The reply must contain exactly the lines below from the one with "APPLICATION: Ideal for" down to the one with "- Packed 500", both included, and nothing more; please omit the pictures.

━━ DATA

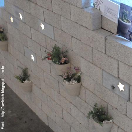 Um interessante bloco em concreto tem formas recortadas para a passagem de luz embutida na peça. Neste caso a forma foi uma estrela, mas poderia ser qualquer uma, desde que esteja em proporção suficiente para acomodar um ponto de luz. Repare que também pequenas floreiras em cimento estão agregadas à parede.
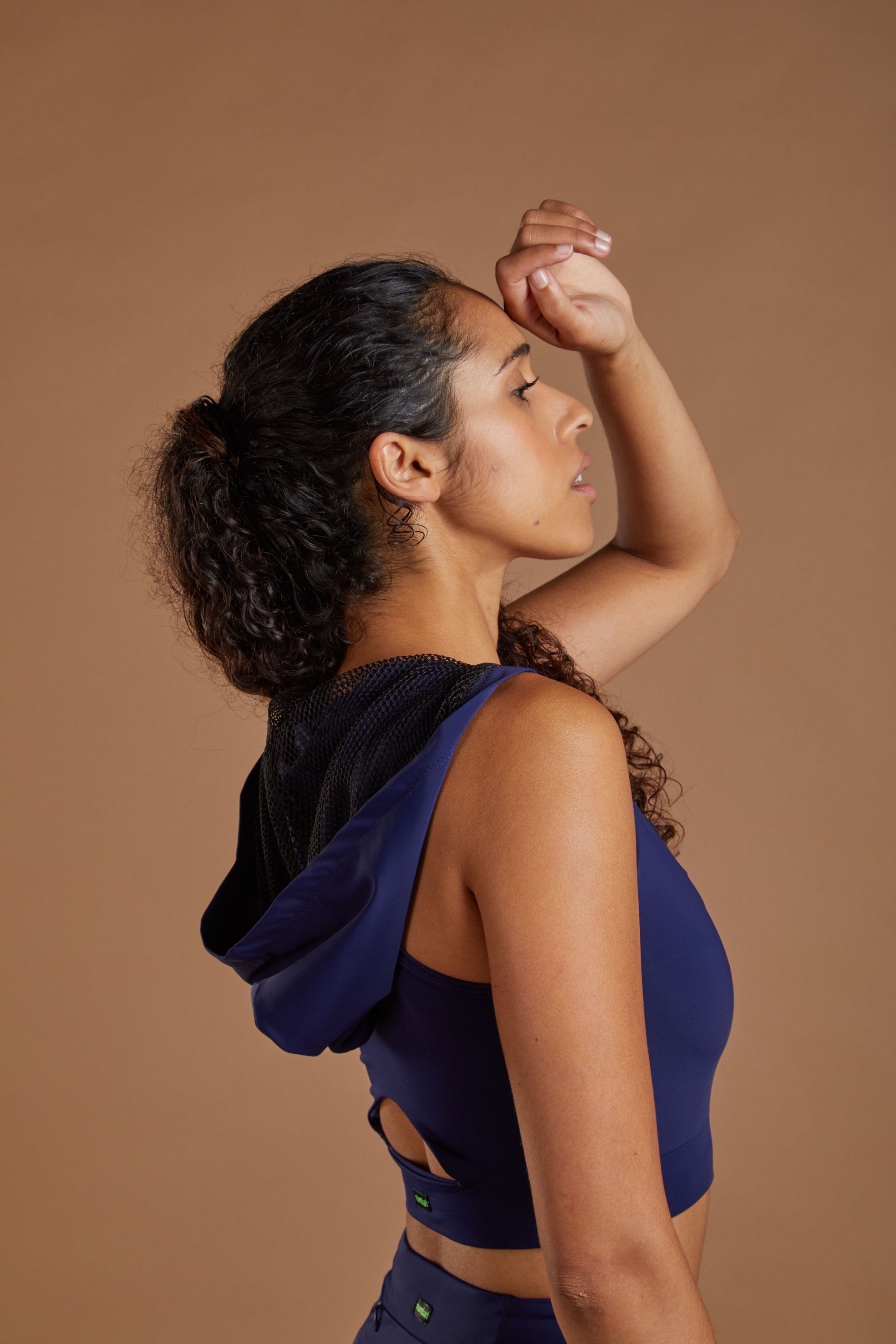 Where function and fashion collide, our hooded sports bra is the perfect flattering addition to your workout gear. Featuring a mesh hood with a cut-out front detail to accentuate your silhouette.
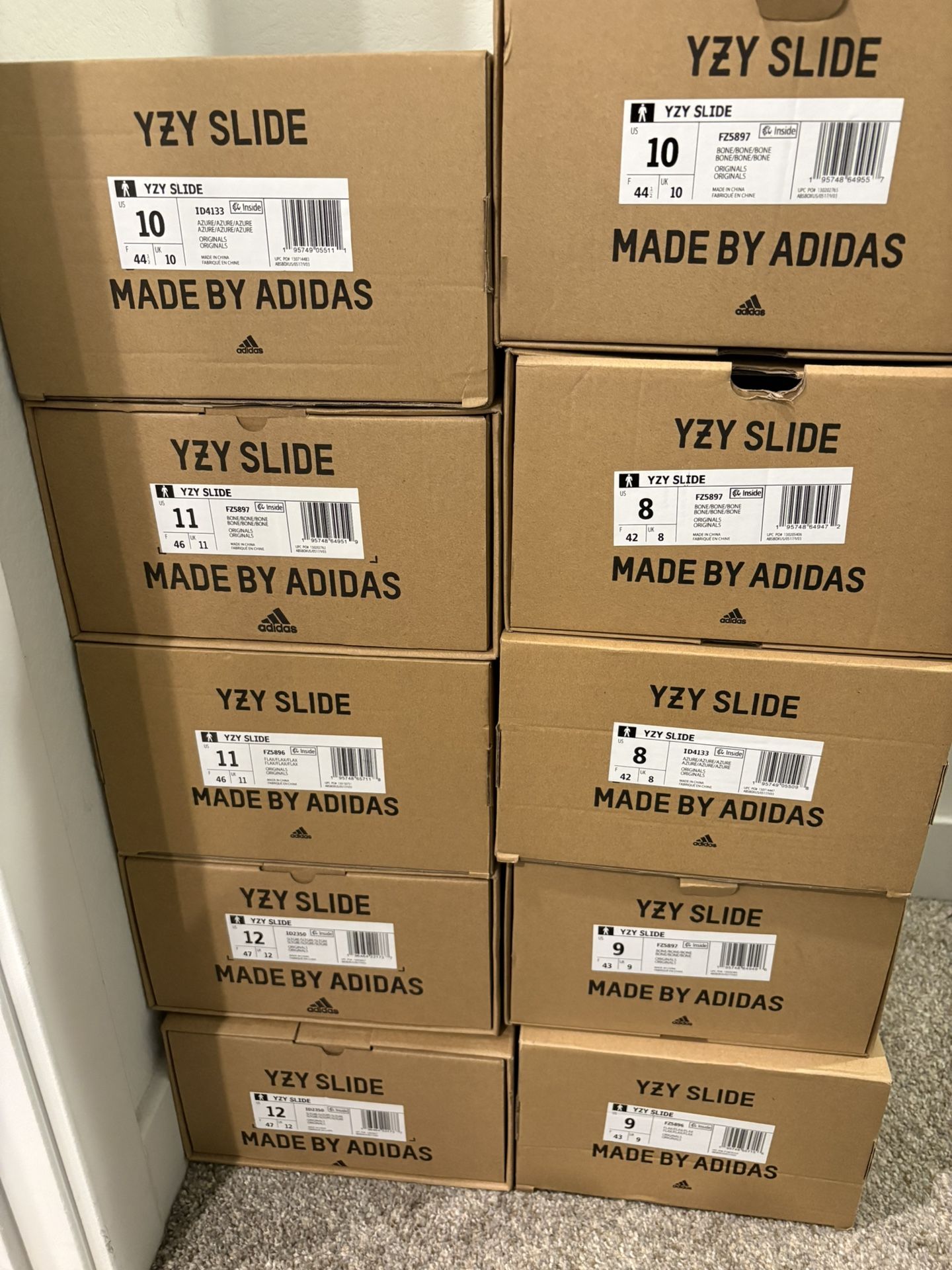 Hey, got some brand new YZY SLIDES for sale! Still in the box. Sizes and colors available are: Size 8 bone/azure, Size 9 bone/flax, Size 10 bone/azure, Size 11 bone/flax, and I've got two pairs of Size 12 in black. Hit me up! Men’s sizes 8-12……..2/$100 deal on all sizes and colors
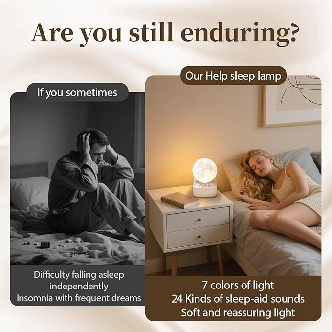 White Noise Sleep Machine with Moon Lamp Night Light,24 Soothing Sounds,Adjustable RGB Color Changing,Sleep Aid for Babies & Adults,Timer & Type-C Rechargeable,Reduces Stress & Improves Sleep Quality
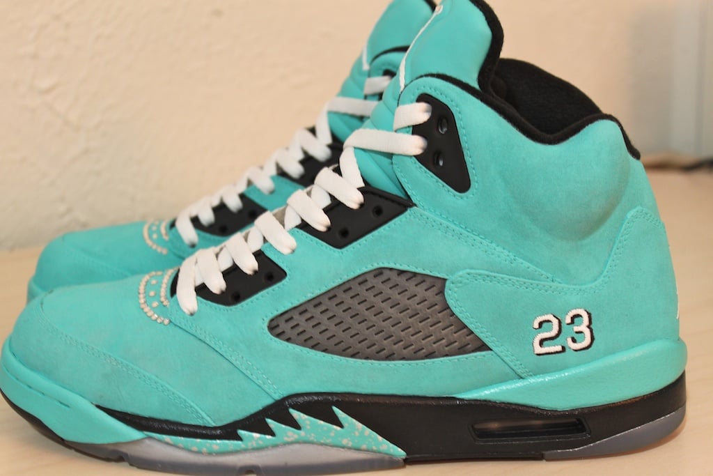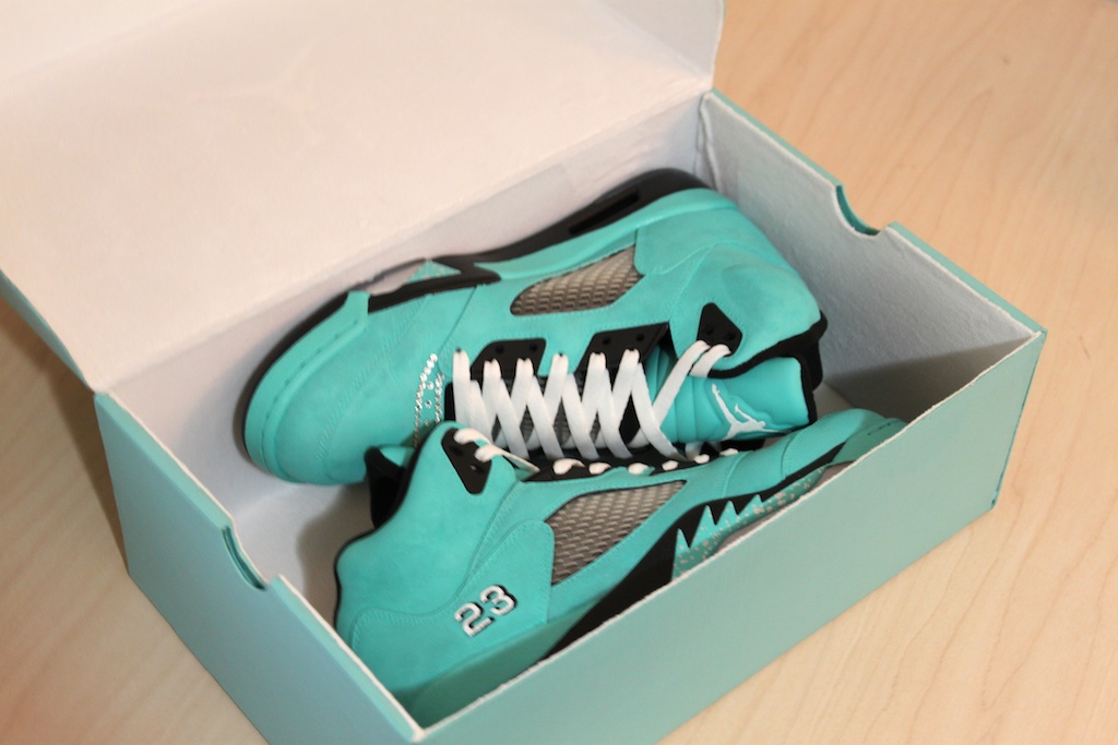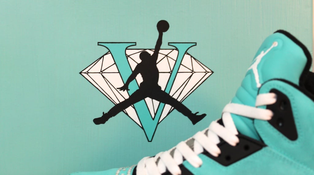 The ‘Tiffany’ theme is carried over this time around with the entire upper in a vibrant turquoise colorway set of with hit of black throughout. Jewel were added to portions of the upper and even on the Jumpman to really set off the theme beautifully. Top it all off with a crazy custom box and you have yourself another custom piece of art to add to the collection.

━━━━
━━ DATA

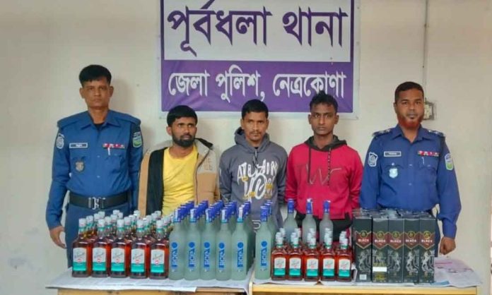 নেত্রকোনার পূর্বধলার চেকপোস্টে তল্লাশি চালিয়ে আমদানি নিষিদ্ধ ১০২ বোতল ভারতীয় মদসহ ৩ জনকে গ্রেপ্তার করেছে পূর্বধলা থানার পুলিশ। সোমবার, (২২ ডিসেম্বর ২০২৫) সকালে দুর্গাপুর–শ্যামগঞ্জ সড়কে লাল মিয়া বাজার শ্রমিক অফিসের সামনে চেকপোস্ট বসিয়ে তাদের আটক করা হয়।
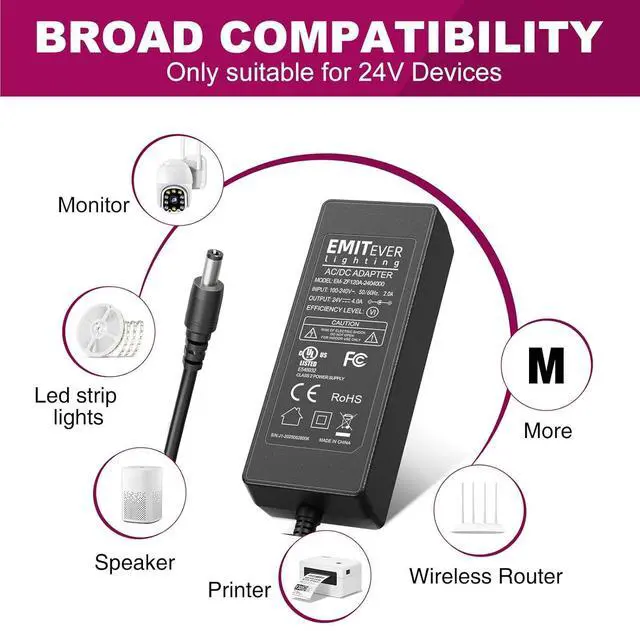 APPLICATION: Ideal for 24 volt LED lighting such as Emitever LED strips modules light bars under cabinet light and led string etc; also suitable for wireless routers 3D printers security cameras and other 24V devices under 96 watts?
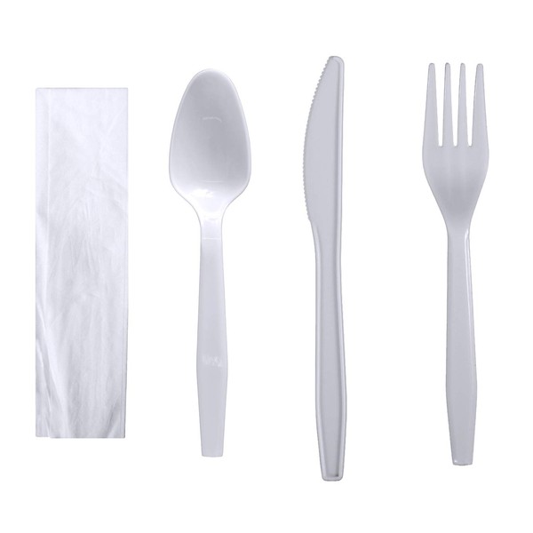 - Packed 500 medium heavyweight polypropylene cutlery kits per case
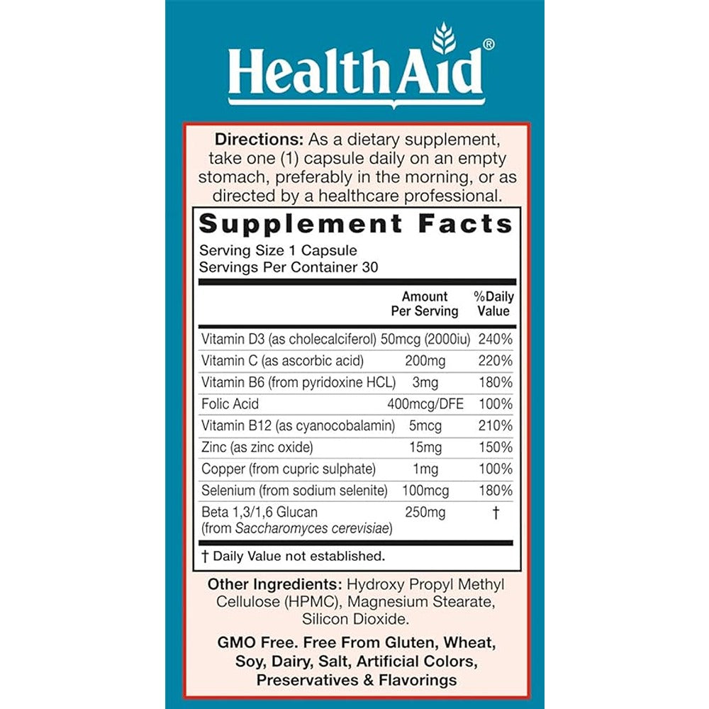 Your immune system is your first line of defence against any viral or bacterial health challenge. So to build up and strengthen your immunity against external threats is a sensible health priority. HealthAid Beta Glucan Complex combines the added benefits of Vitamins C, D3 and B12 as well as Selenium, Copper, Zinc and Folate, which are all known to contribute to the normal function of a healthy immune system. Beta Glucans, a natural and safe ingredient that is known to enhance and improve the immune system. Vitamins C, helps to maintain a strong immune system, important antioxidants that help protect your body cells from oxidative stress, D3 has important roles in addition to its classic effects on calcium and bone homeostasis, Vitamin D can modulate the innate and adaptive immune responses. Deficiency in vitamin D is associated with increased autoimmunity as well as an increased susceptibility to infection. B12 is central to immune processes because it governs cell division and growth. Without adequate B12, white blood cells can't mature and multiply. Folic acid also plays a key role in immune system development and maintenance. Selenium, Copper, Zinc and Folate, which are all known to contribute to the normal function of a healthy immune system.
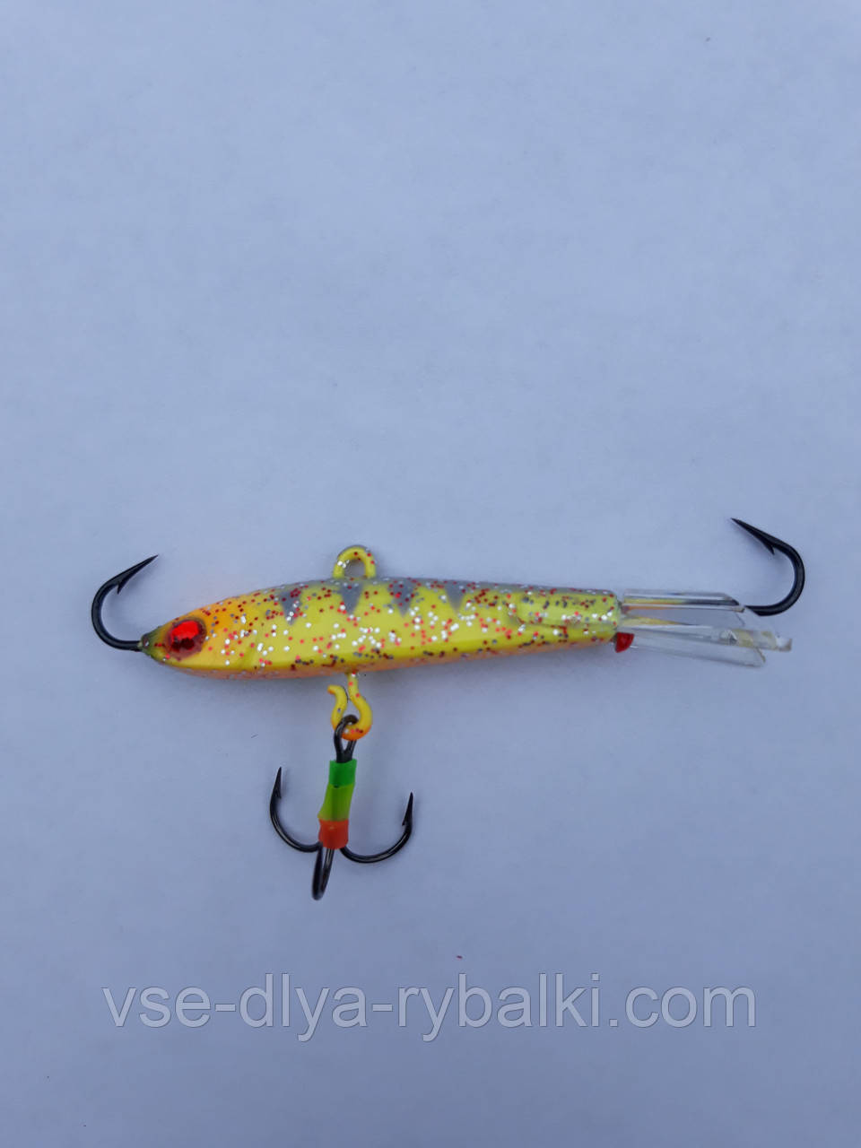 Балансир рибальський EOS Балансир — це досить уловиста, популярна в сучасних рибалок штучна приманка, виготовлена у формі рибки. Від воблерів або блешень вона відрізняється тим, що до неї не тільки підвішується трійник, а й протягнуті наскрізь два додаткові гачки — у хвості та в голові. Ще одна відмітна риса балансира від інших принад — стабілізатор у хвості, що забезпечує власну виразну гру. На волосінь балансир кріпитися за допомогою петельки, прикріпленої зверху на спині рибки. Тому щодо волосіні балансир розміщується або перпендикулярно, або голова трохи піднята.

━━━━

OUTPUT OF THE TASK:
 APPLICATION: Ideal for 24 volt LED lighting such as Emitever LED strips modules light bars under cabinet light and led string etc; also suitable for wireless routers 3D printers security cameras and other 24V devices under 96 watts?
 - Packed 500 medium heavyweight polypropylene cutlery kits per case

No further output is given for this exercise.